Compare two deep learning frameworks: TensorFlow and Pytorch
Learn how TensorFlow and PyTorch compare against each other using convolutional neural networks as an example for image training using a Resnet-50 model.
Deep learning algorithms help solve cognitive problems in an effective way. And, two popular frameworks for deep learning are TensorFlow (from Google) and PyTorch (from Facebook), which are now part of the IBM PowerAI package.
One decision that data scientists or developers of artificial intelligence (AI) apps must know is which framework is best for their use case. TensorFlow and PyTorch both excel in their own way, and in this blog, I’ll explain how TensorFlow and PyTorch compare against each other using a convolutional neural network as an example for image training using a Resnet-50 model.
Google started a proprietary machine learning language called DistBelief that later transformed into TensorFlow. At the beginning, TensorFlow had a Python front end and a large C++ runtime at the back end. Over time, they moved most of their runtime into Python. With TensorFlow, you must define the graph statically and then run the model through a session. These graphs in TensorFlow are difficult to debug. Even though they provide a debugging tool called tfdbg, it helps to analyze the tensors and their operations. From a Python standpoint, you need a separate debugger to debug that code. However, there is a very good visualizing tool called TensorBoard that gives a great visualization of the model, hyper parameters, runtime, and so on.
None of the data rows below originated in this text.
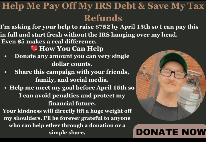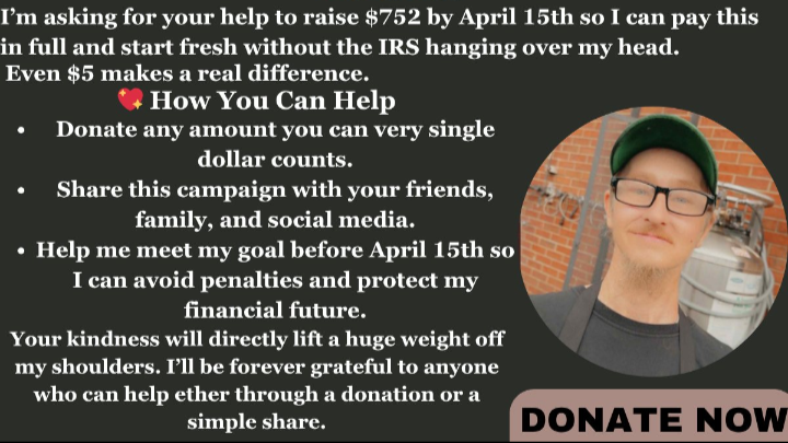 I’m asking for your help to raise $752 by April 15th so I can pay this in full and start fresh without the IRS hanging over my head. Even $5 makes a real difference.
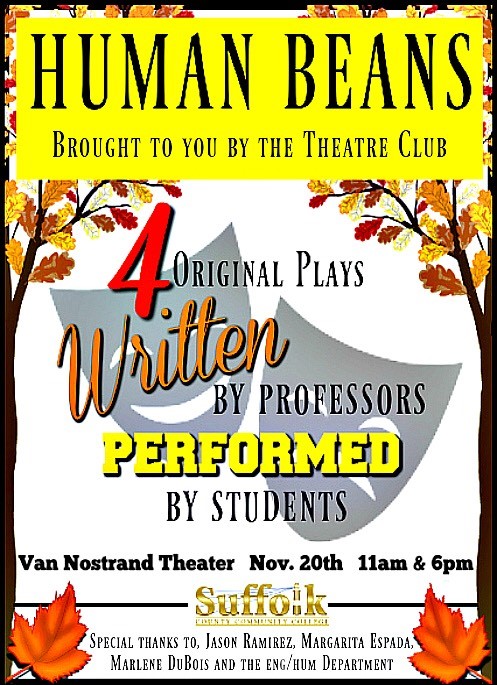 Human Beans - Brougth to you by the Theatre Club. 4 Original Plays written by professors, performed by students. Van Nostrand Theater, November 20, 2017, 11 a.m. and 6 p.m. Special thanks to Jason Ramirez, Margarita Espada, Marlene DuBois and the English and Humanities Department.
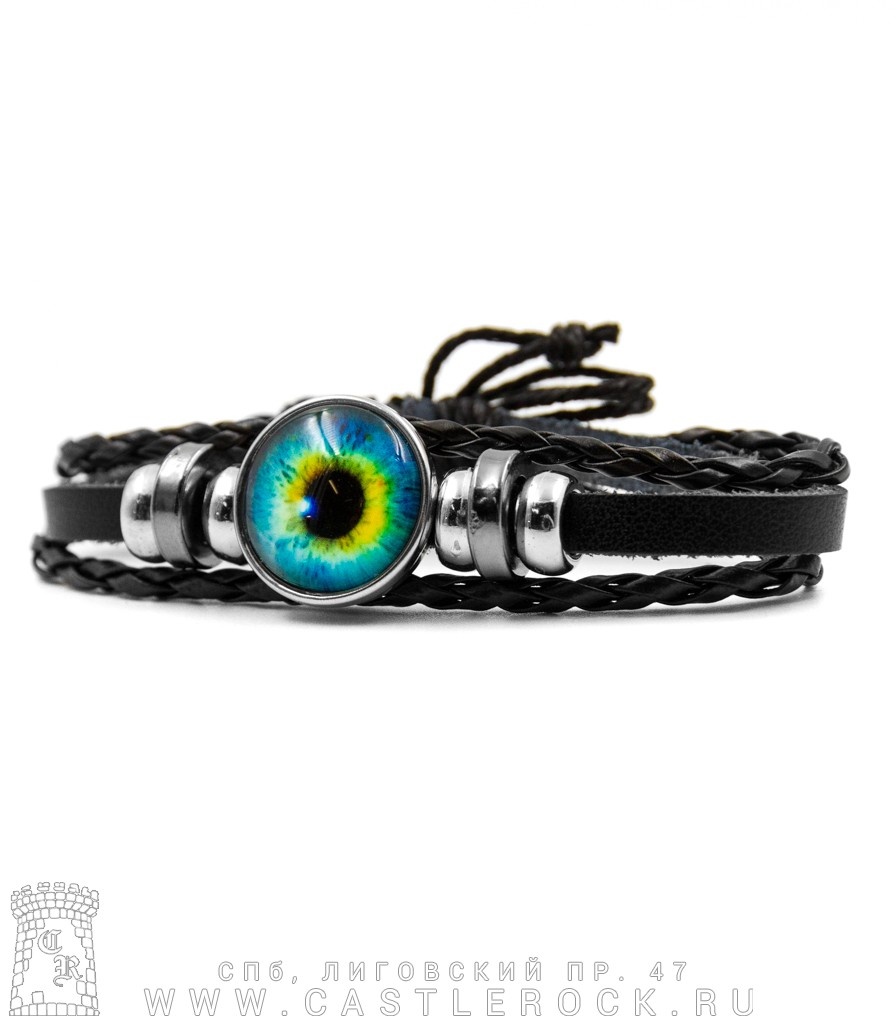 Фенечка кожаная Кабошон Глаз Голубой (черная)
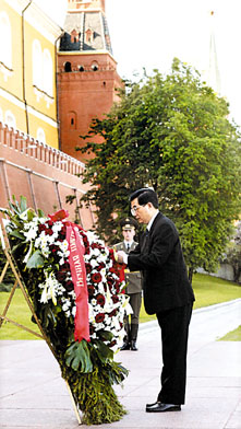 胡錦濤向莫斯科無名烈士墓敬獻花圈。 (法新社)
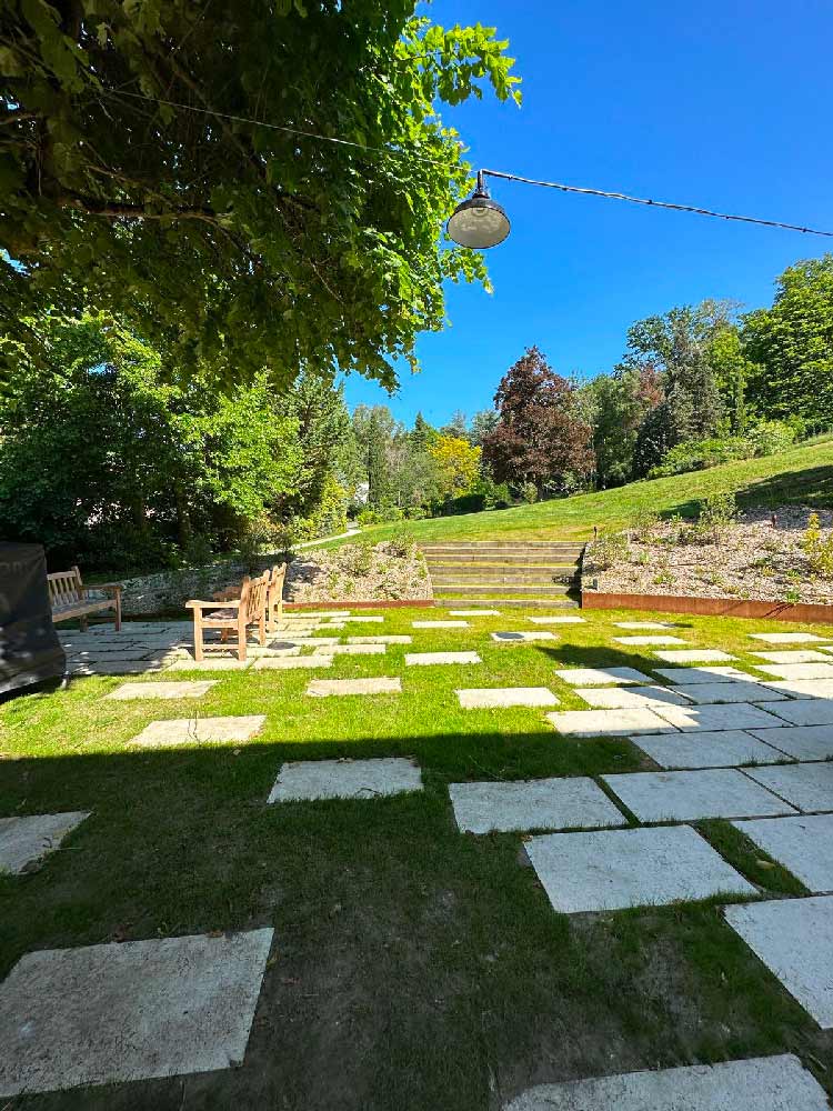 Chaque espace de cette création paysagère est à la fois unique et relié aux autres. Les seuils en pavés créent le lien entre l’habitation et la grandeur de l’espace arboré.

Torch is an open source machine learning library based on the Lua programming language. Over time, it has been converted into a Python-based library with some changes and called PyTorch. This is heavily used by Facebook. PyTorch lets you define, change, and run the model dynamically. You can use any Python debugger like pdb to debug the PyTorch-based code. It does not have a visualizer like TensorBoard. However, as the framework becomes more mature, there should be more visualizers developed for it as well.
Now, let’s compare these two deep learning frameworks using a standard image recognition model. I use a Resnet-50 model with an ImageNet data set and a batch size of 32 images. I evaluated it on both TensorFlow and PyTorch.
I found that PyTorch performed much better compared to TensorFlow. It’s not always the norm that PyTorch will outperform TensorFlow, but at least for the nature of deep learning applications like Resnet-50, it should. I dissected the application to see where they spent most of their time and for what purpose.
The per iteration time to process 32 images was computed at 160 ms on PyTorch compared to 197 ms on TensorFlow. The major benefit for PyTorch comes from the type of kernels that it uses for the forward and backward propagation, which is evident from the time spent on the propagation. PyTorch spent 31 ms and 33 ms on forward and backward computation, respectively, whereas TensorFlow spent 55 ms and 120 ms on similar operations. The gradient reduction operation in PyTorch is an exclusive operation with no other computations happening in parallel. With TensorFlow, the reduction is a parallel operation that gets computed alongside the backward propagation kernels.
I also note that PyTorch acts on raw input images and eventually spends a lot of time doing the preprocessing of the data. TensorFlow does the processing of the images to a certain extent and stores them as TFRecords even before the start of the training phase. This results in TensorFlow spending only 22 ms compared to PyTorch spending 48 ms to preprocess the data. This benefit of preprocessing in TensorFlow does not get converted to the full training benefit because the kernels used in PyTorch are much superior compared to TensorFlow. If TensorFlow can somehow use similar kernels, that should result in TensorFlow performing better than PyTorch for models like Resnet-50.
In this blog post, I showed that even though two different deep learning frameworks work on the same model, the runtime characteristics can be drastically different, which results in a difference in performance. In another sense, it also shows the possible optimization opportunities for improving some of these frameworks.